Source records
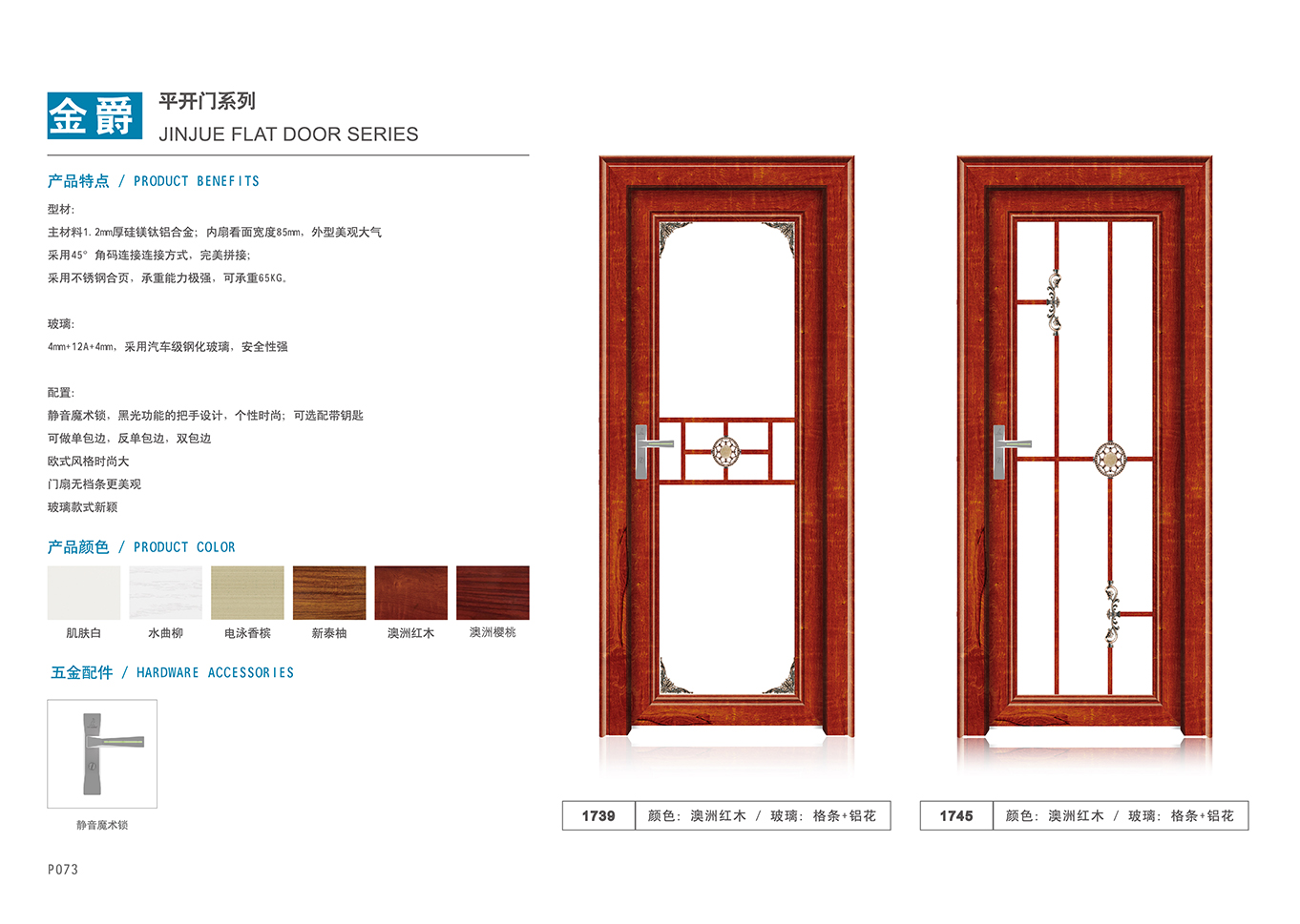 鋁合金門窗有粉末噴涂,陽極氧化、電泳涂裝、木紋轉(zhuǎn)印處理等多種表面處理技術(shù),有多種顏色及木紋,選擇余地大,能滿足各類建筑裝飾需要,給建筑披上美麗的服裝。
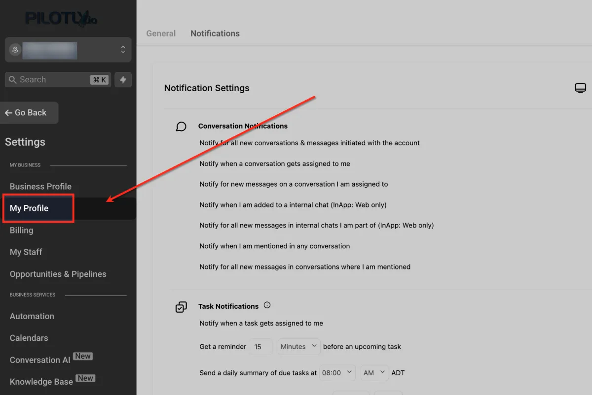 Klicken Sie im Menü „Einstellungen“ auf „Mein Profil“ . In diesem Bereich können Sie Ihre Benachrichtigungseinstellungen für Unterhaltungen, Aufgaben und mehr anpassen.
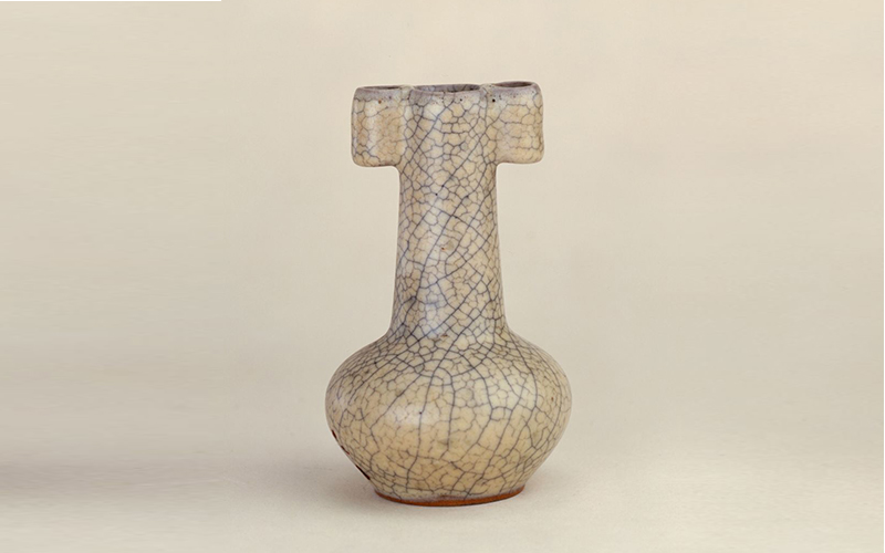 哥窑器必须具有众所周知的“金丝铁线”、“紫口铁足”。前者是哥窑的与众不同的裂纹,大纹为“铁线”,有的显蓝,大纹中套的小纹为“金丝”,有的不一定显金黄,大纹小纹合称为“面圾破”,它应当是密而不疏,曲而不直;后者是哥窑显露的较为特殊的胎色,但两者往往如鱼与熊掌一样不可兼得。瓷胎满釉器有“紫品”而无铁足。铁足应当是胎质本身的无釉颜色。铁足如是人为施加的一种黑色釉,其真伪值得怀疑,与《七修类稿续编》中记载的“其足皆铁色”相悖。
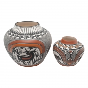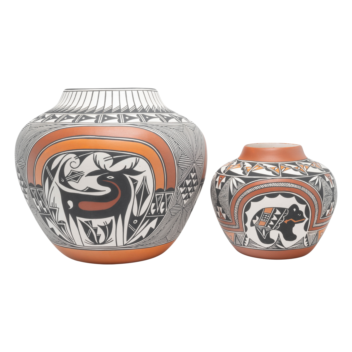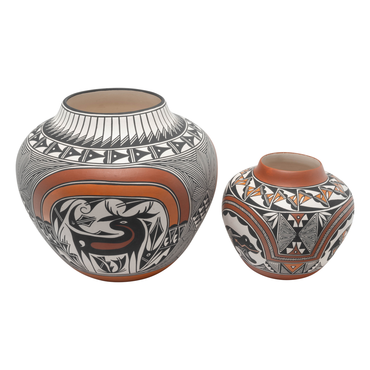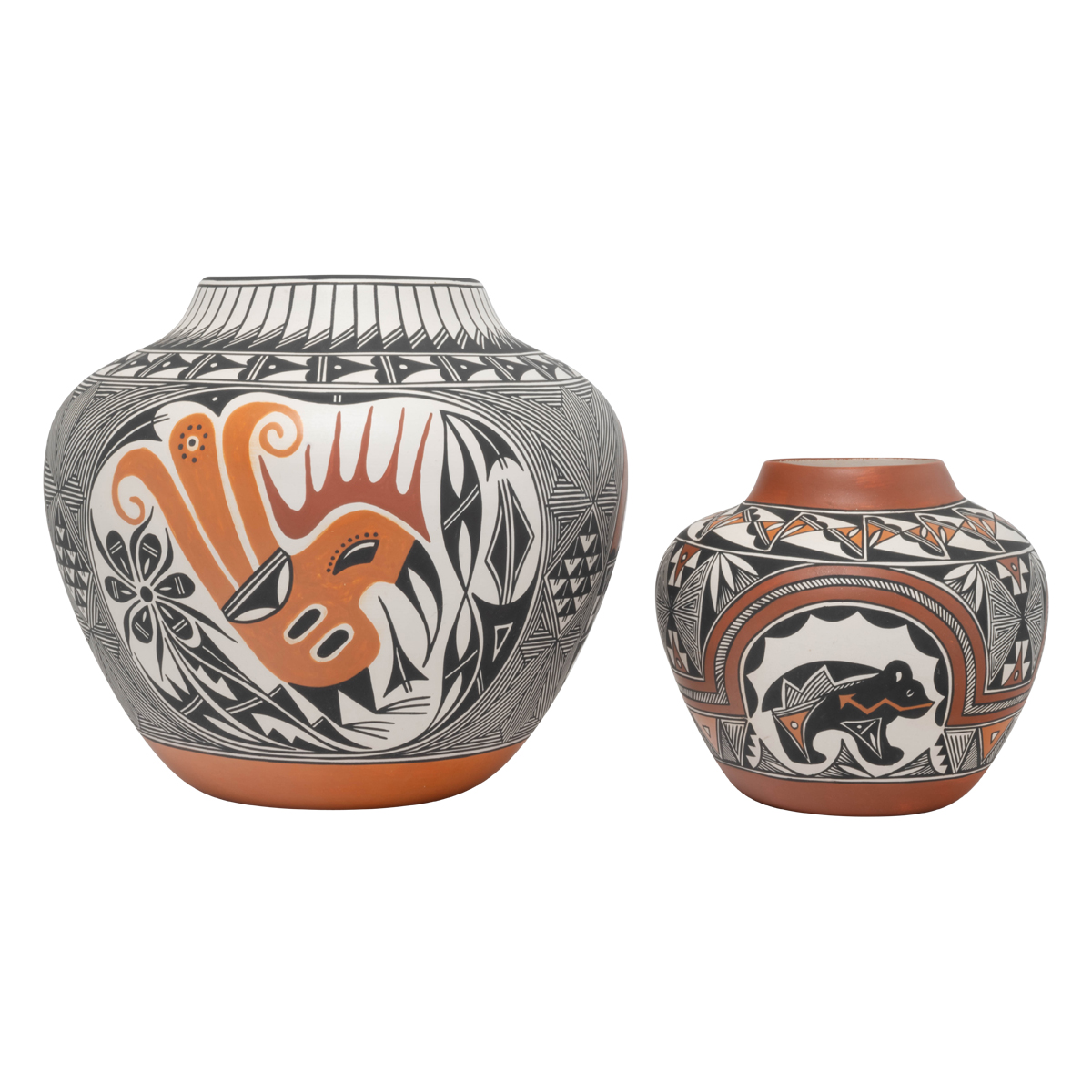 The larger olla with inverted rim, high shoulder, gradual taper to the round foot, black, orange and red decoration on a white ground, various animals within geometric framework smaller vessel with inverted rim, high shoulder, gradual taper to the round foot, red, orange, and black decoration on a white ground, bear motif within a geometric framework.
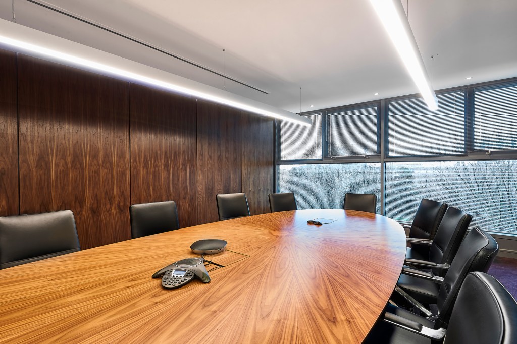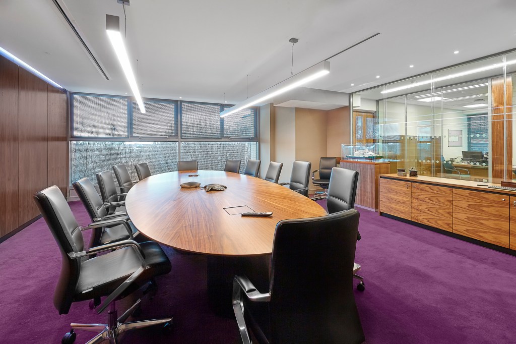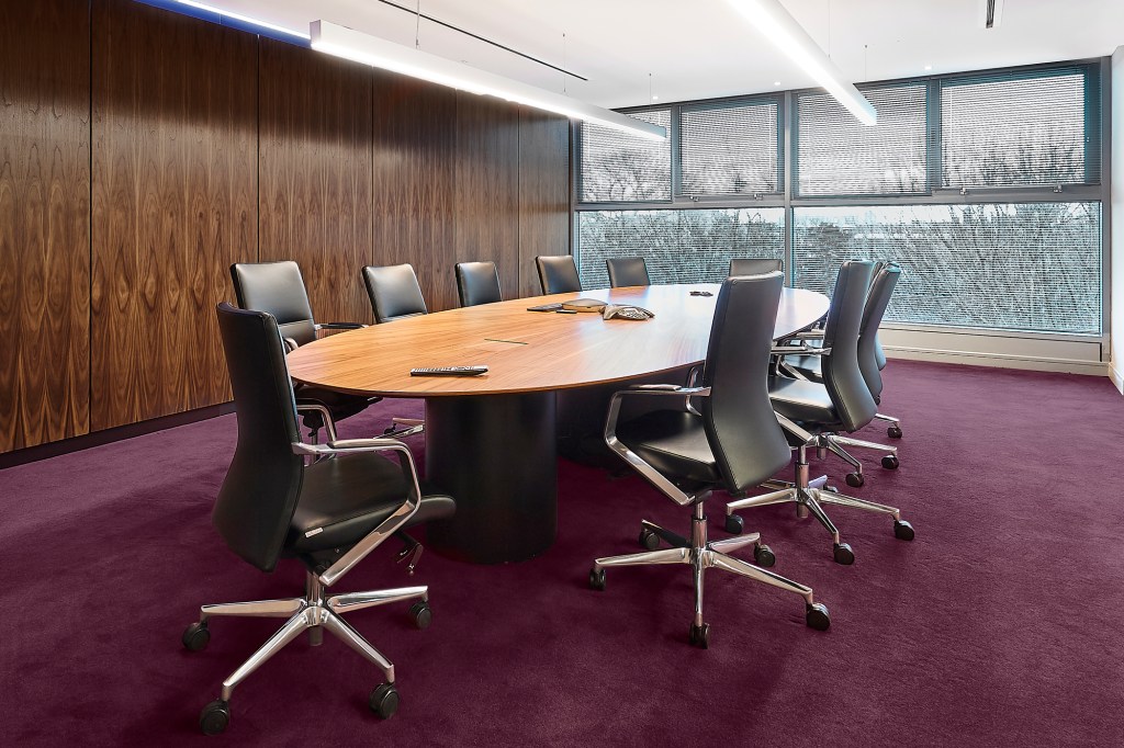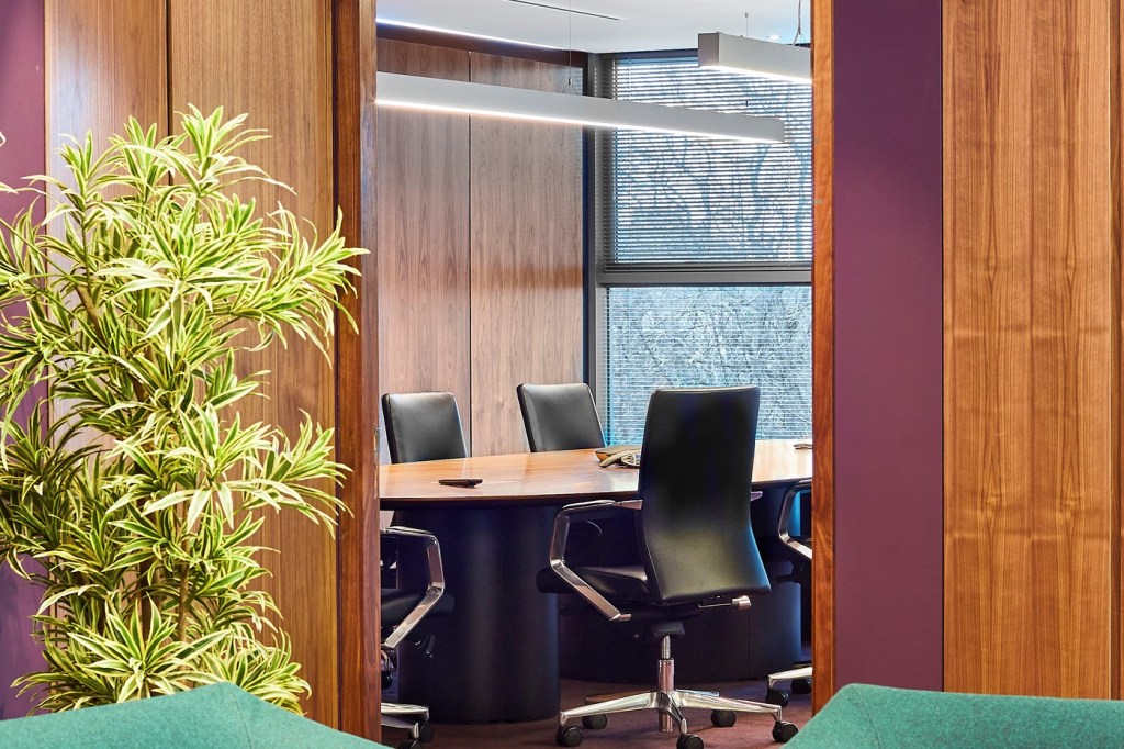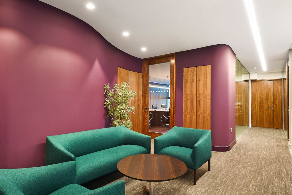 The existing office was stripped back to the bare essentials allowing for the transformation of the 4th floor offices into a corporate HQ. The key elements to this fit-out were: placing the reception and large open plan office along the south elevation opening onto the large outdoor terrace; at either end the executive cellular offices; from the open plan looking back to the city are the meeting rooms and canteen; to the east the boardroom overlooking the leafy Iveagh Gardens; ancillary areas are arrayed around the core. Key to the success of this project was engaging with the client user from the concept stage right down to the furniture selection. Natural light and a comfortable working environment were to the fore. Fully glazed partitions combined with the careful selection of materials, finishes and furniture ensured we met our client’s requirements and perhaps exceeded their expectations. The backdrop to the reception is formed by a curved rich port coloured wall interrupted by walnut doors; a single forest green column alludes to the company’s corporate colour. This combination of rich colours and walnut finishes carries through to the boardroom with its veneered panelled back wall, the beautifully crafted walnut veneered table and a port coloured wool carpet lend an air of gravitas to the board room.
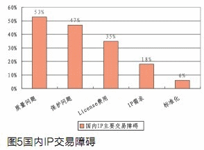 根據(jù)我們對(duì)92家芯片設(shè)計(jì)企業(yè)的問(wèn)卷調(diào)查,IP質(zhì)量、IP保護(hù)和IP費(fèi)用是目前國(guó)內(nèi)IP核交易中的主要障礙。(見圖5)
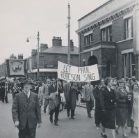 Demonstration mit Banner „Let Paul Robeson Sing“, Manchester, um 1956

(EXERCISE AIM)
All lines from the one containing "根據(jù)我們對(duì)" through the final line of the entries above are to be copied exactly; the pictures are not.

(SOLVED EXERCISE)
 根據(jù)我們對(duì)92家芯片設(shè)計(jì)企業(yè)的問(wèn)卷調(diào)查,IP質(zhì)量、IP保護(hù)和IP費(fèi)用是目前國(guó)內(nèi)IP核交易中的主要障礙。(見圖5)
 Demonstration mit Banner „Let Paul Robeson Sing“, Manchester, um 1956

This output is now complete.